AOI is calculated by adjusting net income to eliminate
(i) the impact of net investment gains including
other-than-temporary impairment ("OTTI") losses recognized in
operations, but excluding gains and losses on derivatives hedging
our indexed annuity policies, (ii) the effect of changes in the
interest rates used to discount the FIA embedded derivative
liability, and (iii) the effect of change in fair value of the
reinsurance related embedded derivative. All adjustments to AOI are
net of the corresponding value of business acquired ("VOBA") and
DAC impact. The income tax impact related to these adjustments is
measured using an effective tax rate of 35%, as appropriate.
While these adjustments are an integral part of the overall
performance of FGL, market conditions impacting these items can
overshadow the underlying performance of the business. Accordingly,
we believe using a measure which excludes their impact is effective
in analyzing the trends of our operations. Our non-GAAP measures
may not be comparable to similarly titled measures of other
organizations because other organizations may not calculate such
non-GAAP measures in the same manner as we do.
Net investment spread is the excess of net investment income
earned over the sum of interest credited to policyholders and the
cost of hedging our risk on FIA policies.
Average assets under management ("AAUM") is the sum of (i) total
invested assets at amortized cost, excluding derivatives, (ii)

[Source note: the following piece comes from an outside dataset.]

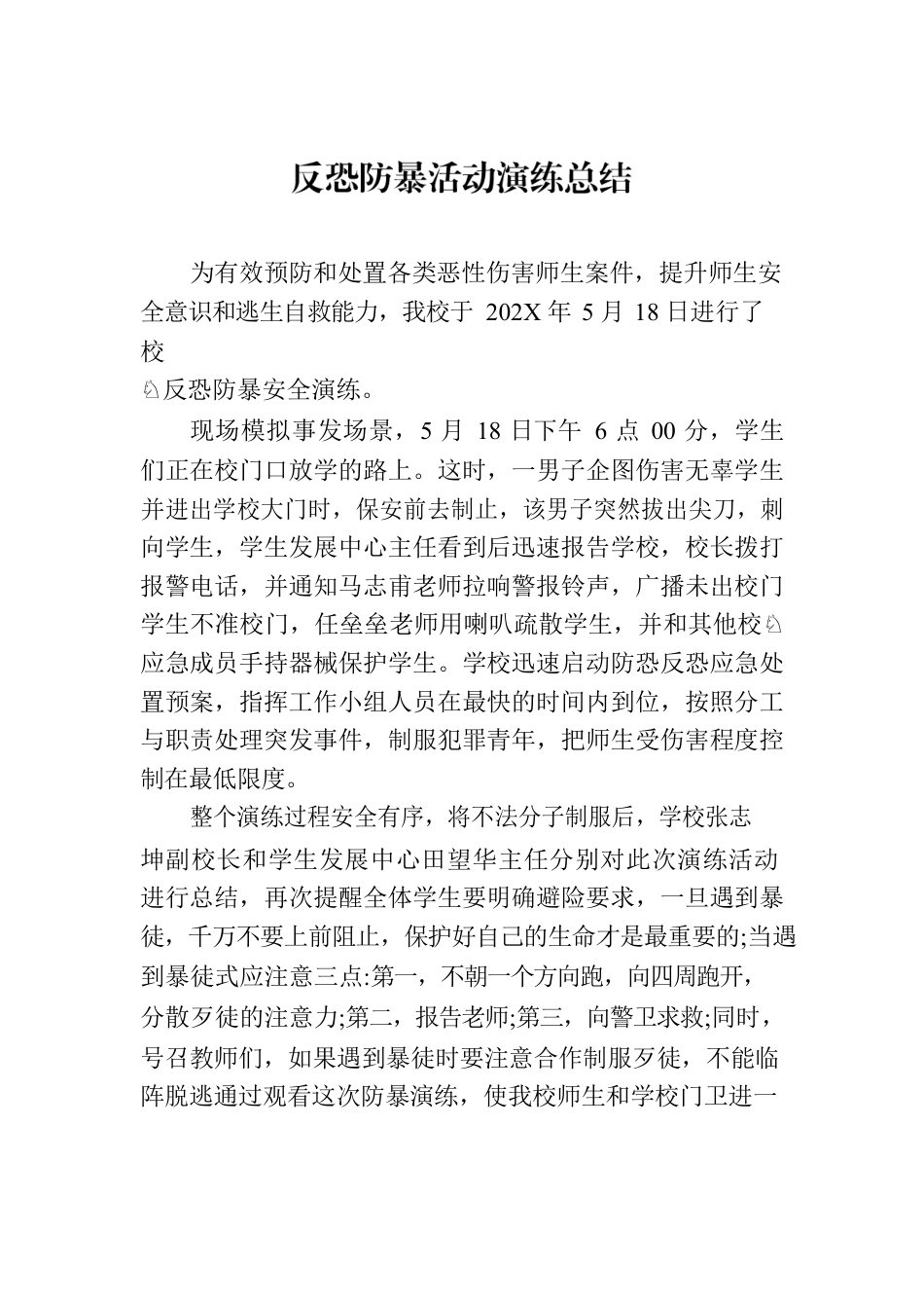 为有效预防和处置各类恶性伤害师生案件,提升师生安全意识和逃生自救能力,我校于202X年5月18日进行了校♘反恐防暴安全演练。现场模拟事发场景,5月18日下午6点00分,学生们正在校门口放学的路上。这时,一男子企图伤害无辜学生并进出学校大门时,保安前去制止,该男子突然拔出尖刀,刺向学生,学生发展中心主任看到后迅速报告学校,校长拨打报警电话,并通知马志甫老师拉响警报铃声,广播未出校门学生不准校门,任垒垒老师用喇叭疏散学生,并和其他校♘应急成员手持器械保护学生。学校迅速启动防恐反恐应急处置预案,指挥工作小组人员在最快的时间内到位,按照分工与职责处理突发事件,制服犯罪青年,把师生受伤害程度控制在最低限度。整个演练过程安全有序,将不法分子制服后,学校张志坤副校长和学生发展中心田望华主任分别对此次演练活动进行总结,再次提醒全体学生要明确避险要求,一旦遇到暴徒,千万不要上前阻止,保护好自己的生命才是最重要的;当遇到暴徒式应注意三点:第一,不朝一个方向跑,向四周跑开,分散歹徒的注意力;第二,报告老师;第三,向警卫求救;同时,号召教师们,如果遇到暴徒时要注意合作制服歹徒,不能临阵脱逃通过观看这次防暴演练,使我校师生和学校门卫进一步了解非法侵入事件应对的行动步骤,明确各自的分工与职责,提高师生防范、自救、合作意识与能力等安全意识。进一步提高了学校安全管理水平,强调各班级要最大限度地保护全校师生的生命安全。强调全校教师围绕“十个到位、两个加强”管安全,即安全文明校创建工作认识到位、责任♘落实到位、资金投入到位、安全教育到位、制度建立到位、安全管理到位、基础设施到位、环境整治到位、演练到位、资料整理到位。工作中,能够加强管理,在校安全文明创建上♘管理细致,精益求精,同时要加强校及周边环境的整治,♘为老师和学生营造一个舒适的学习环境。
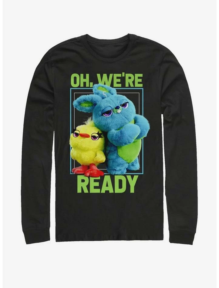 Hey Ducky, hey Bunny – you ready? Oh, we’re ready. This awesome black long-sleeve tee features the well-prepared twosome from Toy Story 4 screened on the front.

related party loans and investments and (iii) cash and cash
equivalents at the end of each month in the period divided by the
number of months in the period.
Book value per share excluding AOCI is calculated as total
stockholders' equity excluding AOCI divided by the total number of
shares of common stock outstanding.
Sales are not derived from any specific GAAP income statement
accounts or line items and should not be viewed as a substitute for
any financial measure determined in accordance with GAAP. For GAAP
purposes annuity sales are recorded as deposit liabilities (i.e.
contract holder funds). Management believes that presentation of
sales as measured for management purposes enhances the
understanding of our business and helps depict longer term trends
that may not be apparent in the results of operations due to the
timing of sales and revenue recognition.
While management believes that non-GAAP measurements are useful
supplemental information, such adjusted results are not intended to
replace GAAP financial results and should be read in conjunction
with those GAAP results.
Conference Call and Earnings Release
In light of the ongoing review of strategic alternatives, FGL
has elected to discontinue conference calls to discuss quarterly
and annual results, pending the outcome of the strategic review.
FGL will continue to issue its earnings press releases and
quarterly financial supplement.
About Fidelity & Guaranty Life
Fidelity & Guaranty Life, an insurance holding company,
helps middle-income Americans prepare for retirement. Through its
subsidiaries, the company offers fixed annuity and life insurance
products distributed by independent agents through an established
network of independent marketing organizations. Fidelity
& Guaranty Life, headquartered in Des
Moines, Iowa, trades on the New York Stock Exchange under
the ticker symbol FGL. For more information, please visit
www.fglife.com.
Forward Looking Statements
"Safe Harbor" Statement Under the Private Securities Litigation
Reform Act of 1995: This document contains, and certain oral
statements made by our representatives from time to time may
contain, forward-looking statements, including as to FGL's
evaluation of strategic alternatives and regarding our
subsidiaries' ability to pay dividends. Such statements are subject
to risks and uncertainties that could cause actual results, events
and developments to differ materially from those set forth in, or
implied by, such statements. These statements are based on the
beliefs and assumptions of FGL's management and the management of
FGL's subsidiaries (including target businesses). Generally,
forward-looking statements include information concerning possible
or assumed future distributions from subsidiaries, other actions,
events, results, strategies and expectations and are generally
identifiable by use of the words "believes," "expects," "intends,"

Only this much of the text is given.